### ABOUT THIS TASK
Print the listing below again, exactly. Skip the pictures.

### MATERIAL PROVIDED
==========
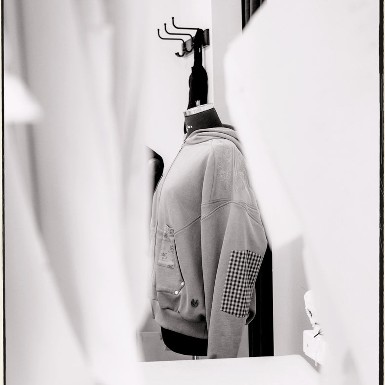 Every piece is treated as an object of design. Fits are sampled, refined, and tested again and again, shaped through patient adjustment and intention. We choose fabrics not for trends, but for how they feel, how they drape, and how they last.
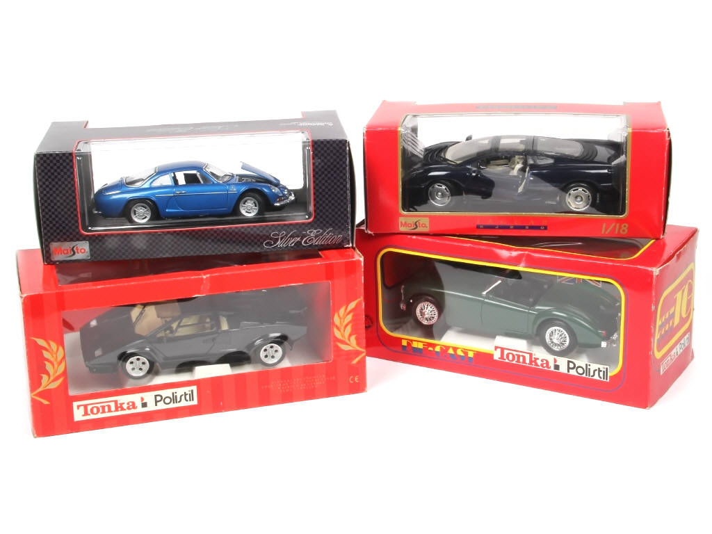 comprend les modèles : ALPINE RENAULT, JAGUAR, LAMBORGHINI & MG - on y retrouve les marques : POLISTIL & MAISTO - quelques accrocs & frottements sur 3 boites
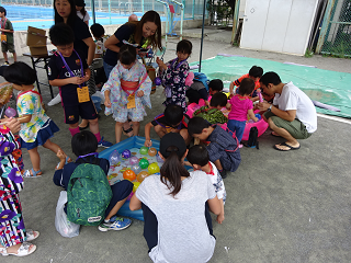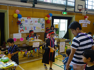 普段と様子の違う学校で、ゲームをしたり、かき氷を食べたり。
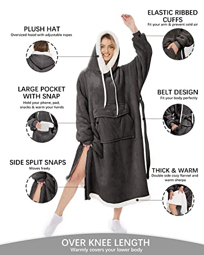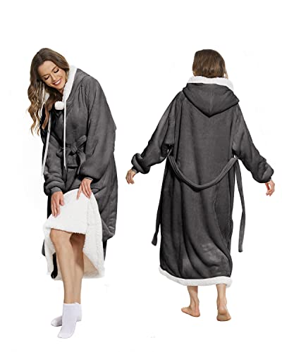 MILDLY Wearable Blanket Sherpa Fleece Thick Warm Long Hoodie Blanket 1PCS Big Hooded Sweatshirt Gift for Adults Women 5’5”-5’9”
==========
### EXERCISE OUTPUT
 Every piece is treated as an object of design. Fits are sampled, refined, and tested again and again, shaped through patient adjustment and intention. We choose fabrics not for trends, but for how they feel, how they drape, and how they last.
 comprend les modèles : ALPINE RENAULT, JAGUAR, LAMBORGHINI & MG - on y retrouve les marques : POLISTIL & MAISTO - quelques accrocs & frottements sur 3 boites
 普段と様子の違う学校で、ゲームをしたり、かき氷を食べたり。
 MILDLY Wearable Blanket Sherpa Fleece Thick Warm Long Hoodie Blanket 1PCS Big Hooded Sweatshirt Gift for Adults Women 5’5”-5’9”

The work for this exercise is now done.